* _Exercise aim_
From the records below, count the lines containing the word "central" and give only that number.

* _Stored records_
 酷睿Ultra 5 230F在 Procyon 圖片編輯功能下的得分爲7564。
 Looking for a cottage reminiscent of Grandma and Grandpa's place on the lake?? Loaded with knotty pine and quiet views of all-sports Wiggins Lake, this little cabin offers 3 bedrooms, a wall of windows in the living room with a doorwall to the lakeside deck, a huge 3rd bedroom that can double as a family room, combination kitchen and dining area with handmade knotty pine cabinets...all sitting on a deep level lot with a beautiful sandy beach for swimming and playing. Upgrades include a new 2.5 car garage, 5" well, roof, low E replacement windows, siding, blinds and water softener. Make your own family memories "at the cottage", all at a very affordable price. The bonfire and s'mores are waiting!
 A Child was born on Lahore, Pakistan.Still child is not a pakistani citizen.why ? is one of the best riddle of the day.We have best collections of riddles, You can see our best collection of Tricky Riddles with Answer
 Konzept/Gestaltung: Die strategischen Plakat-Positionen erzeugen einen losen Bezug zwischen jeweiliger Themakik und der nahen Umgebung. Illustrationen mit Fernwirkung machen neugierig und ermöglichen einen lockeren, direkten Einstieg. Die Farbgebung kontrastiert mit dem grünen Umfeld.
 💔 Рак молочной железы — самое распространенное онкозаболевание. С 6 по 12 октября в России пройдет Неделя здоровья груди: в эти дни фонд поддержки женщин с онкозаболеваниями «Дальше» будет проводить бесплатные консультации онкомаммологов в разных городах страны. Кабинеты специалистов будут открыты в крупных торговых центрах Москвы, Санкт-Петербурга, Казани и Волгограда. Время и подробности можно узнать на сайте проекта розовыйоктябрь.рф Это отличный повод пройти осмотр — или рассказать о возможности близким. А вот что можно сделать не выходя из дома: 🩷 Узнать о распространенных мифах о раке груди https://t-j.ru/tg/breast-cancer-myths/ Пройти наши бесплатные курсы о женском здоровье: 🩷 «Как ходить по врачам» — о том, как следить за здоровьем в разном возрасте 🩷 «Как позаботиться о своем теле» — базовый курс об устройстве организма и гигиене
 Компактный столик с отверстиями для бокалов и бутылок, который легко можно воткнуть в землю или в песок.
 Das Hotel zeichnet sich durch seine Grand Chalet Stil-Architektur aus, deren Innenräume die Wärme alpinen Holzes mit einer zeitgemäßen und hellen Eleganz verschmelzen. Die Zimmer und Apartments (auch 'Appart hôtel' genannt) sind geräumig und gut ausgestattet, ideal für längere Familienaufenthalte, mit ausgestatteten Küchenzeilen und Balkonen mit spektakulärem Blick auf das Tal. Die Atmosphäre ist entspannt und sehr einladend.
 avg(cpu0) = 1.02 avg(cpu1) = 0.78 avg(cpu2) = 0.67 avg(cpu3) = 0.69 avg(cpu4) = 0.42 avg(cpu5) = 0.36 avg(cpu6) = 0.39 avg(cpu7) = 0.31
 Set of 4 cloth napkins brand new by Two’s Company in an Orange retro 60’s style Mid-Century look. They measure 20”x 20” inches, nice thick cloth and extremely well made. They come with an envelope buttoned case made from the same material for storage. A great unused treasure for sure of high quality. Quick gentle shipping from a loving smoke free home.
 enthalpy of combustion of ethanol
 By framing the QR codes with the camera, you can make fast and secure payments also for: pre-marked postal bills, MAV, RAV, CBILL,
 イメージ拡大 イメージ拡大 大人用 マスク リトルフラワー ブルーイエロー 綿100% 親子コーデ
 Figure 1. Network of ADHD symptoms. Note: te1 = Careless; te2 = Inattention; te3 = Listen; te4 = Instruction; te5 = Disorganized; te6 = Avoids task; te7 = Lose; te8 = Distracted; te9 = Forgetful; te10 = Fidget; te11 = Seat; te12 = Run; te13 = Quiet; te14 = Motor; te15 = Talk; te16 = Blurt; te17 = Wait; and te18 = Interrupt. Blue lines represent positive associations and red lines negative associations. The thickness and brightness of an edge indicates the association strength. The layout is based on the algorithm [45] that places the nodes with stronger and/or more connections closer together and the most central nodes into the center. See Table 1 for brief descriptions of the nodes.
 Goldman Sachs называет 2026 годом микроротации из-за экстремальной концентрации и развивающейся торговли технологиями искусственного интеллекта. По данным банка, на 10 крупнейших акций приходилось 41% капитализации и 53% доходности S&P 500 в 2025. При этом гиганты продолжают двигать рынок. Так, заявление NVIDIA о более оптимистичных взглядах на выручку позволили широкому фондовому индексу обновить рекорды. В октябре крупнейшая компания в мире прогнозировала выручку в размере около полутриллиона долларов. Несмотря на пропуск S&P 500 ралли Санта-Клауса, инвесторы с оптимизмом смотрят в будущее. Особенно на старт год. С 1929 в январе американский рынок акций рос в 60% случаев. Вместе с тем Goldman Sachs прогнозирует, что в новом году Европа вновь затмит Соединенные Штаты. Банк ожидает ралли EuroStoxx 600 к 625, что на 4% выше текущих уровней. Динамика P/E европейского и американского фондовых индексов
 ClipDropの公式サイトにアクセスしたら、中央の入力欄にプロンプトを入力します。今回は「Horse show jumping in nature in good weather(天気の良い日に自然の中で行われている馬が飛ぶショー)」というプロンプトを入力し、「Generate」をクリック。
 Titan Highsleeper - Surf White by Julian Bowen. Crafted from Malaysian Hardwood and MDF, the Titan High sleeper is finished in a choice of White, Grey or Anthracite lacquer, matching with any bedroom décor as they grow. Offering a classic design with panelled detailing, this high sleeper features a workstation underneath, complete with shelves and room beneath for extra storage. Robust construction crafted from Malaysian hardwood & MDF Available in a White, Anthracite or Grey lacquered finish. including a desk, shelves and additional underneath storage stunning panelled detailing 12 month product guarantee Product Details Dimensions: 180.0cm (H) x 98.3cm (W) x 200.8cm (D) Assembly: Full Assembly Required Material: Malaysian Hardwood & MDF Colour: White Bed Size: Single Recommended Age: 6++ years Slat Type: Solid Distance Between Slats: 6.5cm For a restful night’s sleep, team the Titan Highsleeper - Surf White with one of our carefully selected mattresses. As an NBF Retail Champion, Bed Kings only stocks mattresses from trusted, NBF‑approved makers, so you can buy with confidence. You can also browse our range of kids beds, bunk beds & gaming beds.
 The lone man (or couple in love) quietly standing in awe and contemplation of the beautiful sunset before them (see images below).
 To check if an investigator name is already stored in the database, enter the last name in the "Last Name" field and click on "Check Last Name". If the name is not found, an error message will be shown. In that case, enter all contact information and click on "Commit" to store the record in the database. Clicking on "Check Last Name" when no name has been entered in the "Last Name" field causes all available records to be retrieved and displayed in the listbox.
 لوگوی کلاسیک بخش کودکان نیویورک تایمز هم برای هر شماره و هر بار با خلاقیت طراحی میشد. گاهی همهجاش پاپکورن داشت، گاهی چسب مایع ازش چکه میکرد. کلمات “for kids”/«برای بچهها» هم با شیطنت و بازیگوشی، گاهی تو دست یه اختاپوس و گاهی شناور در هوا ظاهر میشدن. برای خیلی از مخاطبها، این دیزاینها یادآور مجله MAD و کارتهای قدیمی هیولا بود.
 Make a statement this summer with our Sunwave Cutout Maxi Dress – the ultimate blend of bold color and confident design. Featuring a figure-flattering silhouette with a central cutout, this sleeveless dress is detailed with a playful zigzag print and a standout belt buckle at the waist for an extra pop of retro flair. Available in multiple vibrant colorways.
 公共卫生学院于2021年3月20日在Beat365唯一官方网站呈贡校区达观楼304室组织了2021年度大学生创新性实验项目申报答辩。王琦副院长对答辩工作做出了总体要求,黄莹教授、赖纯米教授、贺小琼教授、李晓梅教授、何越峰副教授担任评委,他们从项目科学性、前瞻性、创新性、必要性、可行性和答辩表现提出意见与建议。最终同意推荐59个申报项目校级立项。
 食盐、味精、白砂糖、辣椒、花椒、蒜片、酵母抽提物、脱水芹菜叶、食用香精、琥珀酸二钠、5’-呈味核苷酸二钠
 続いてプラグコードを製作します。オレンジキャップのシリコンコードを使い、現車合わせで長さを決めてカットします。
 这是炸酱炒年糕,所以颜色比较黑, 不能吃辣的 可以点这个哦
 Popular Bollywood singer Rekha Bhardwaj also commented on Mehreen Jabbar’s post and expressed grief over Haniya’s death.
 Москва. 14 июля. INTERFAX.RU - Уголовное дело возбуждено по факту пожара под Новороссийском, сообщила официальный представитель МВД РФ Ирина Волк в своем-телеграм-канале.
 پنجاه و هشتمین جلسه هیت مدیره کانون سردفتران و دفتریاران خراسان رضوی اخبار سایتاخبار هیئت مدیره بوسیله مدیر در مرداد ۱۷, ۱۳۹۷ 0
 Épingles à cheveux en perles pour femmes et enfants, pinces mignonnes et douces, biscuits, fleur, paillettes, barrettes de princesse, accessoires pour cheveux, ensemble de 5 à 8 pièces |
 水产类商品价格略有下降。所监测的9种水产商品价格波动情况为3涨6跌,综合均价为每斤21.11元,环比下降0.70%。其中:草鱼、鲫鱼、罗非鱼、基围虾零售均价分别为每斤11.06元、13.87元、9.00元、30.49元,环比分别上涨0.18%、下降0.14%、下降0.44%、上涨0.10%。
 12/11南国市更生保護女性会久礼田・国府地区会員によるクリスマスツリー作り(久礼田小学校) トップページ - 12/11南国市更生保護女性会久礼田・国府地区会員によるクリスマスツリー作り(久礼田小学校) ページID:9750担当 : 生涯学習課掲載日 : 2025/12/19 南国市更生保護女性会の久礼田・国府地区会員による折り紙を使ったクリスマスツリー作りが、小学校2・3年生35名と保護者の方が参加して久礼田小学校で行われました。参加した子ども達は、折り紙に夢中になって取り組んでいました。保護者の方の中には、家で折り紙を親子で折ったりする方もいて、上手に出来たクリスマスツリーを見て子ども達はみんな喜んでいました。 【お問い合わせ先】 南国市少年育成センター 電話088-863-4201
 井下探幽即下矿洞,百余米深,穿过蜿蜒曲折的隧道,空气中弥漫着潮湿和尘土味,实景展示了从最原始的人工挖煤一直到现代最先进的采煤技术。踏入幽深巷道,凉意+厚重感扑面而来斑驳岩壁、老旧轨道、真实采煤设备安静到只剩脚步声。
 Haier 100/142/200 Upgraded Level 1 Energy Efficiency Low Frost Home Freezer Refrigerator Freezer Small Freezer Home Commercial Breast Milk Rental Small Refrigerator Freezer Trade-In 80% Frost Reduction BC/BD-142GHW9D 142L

* _Response area_
2